Activity
Look below for the line containing "- dwarf poinciana"; from there through the line containing "这类元素无需大面积运用,小面", both lines included, please set down each line exactly and nothing else.

The data
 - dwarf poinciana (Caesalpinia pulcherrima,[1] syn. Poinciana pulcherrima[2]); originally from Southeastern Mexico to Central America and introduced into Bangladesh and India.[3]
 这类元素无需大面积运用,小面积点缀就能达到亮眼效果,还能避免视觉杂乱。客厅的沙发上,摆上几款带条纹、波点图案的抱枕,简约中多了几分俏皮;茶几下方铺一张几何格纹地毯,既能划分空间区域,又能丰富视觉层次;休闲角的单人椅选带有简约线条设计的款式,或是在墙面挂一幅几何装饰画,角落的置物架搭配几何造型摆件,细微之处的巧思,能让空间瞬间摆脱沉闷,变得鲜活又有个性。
...
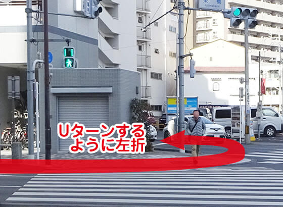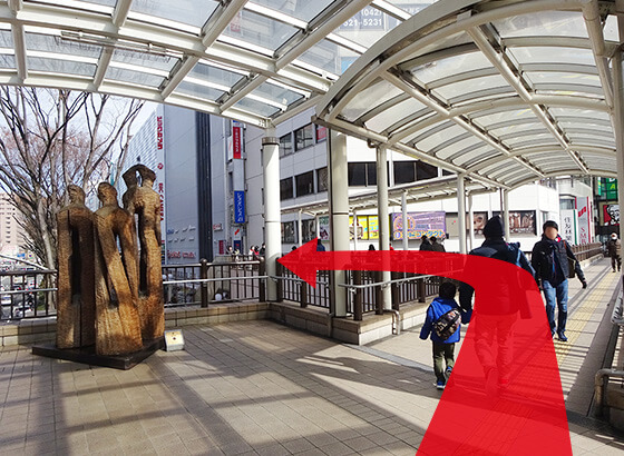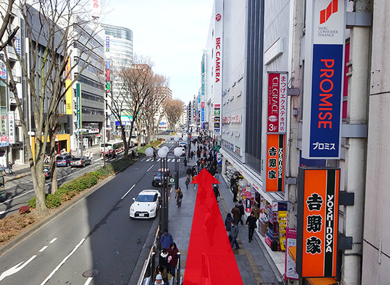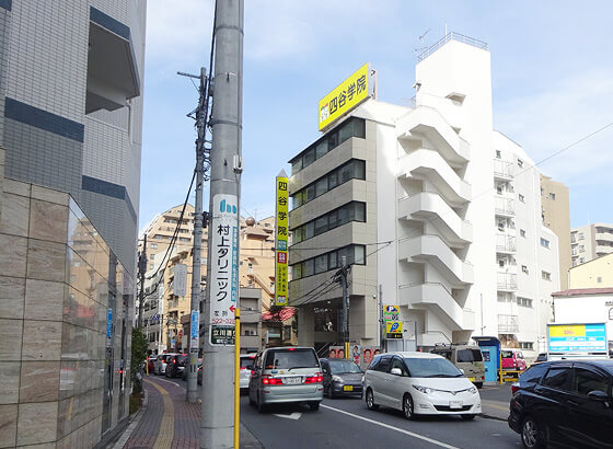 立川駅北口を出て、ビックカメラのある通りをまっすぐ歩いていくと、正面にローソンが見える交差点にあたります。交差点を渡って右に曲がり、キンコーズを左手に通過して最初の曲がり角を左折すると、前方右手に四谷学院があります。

Output of the task
 - dwarf poinciana (Caesalpinia pulcherrima,[1] syn. Poinciana pulcherrima[2]); originally from Southeastern Mexico to Central America and introduced into Bangladesh and India.[3]
 这类元素无需大面积运用,小面积点缀就能达到亮眼效果,还能避免视觉杂乱。客厅的沙发上,摆上几款带条纹、波点图案的抱枕,简约中多了几分俏皮;茶几下方铺一张几何格纹地毯,既能划分空间区域,又能丰富视觉层次;休闲角的单人椅选带有简约线条设计的款式,或是在墙面挂一幅几何装饰画,角落的置物架搭配几何造型摆件,细微之处的巧思,能让空间瞬间摆脱沉闷,变得鲜活又有个性。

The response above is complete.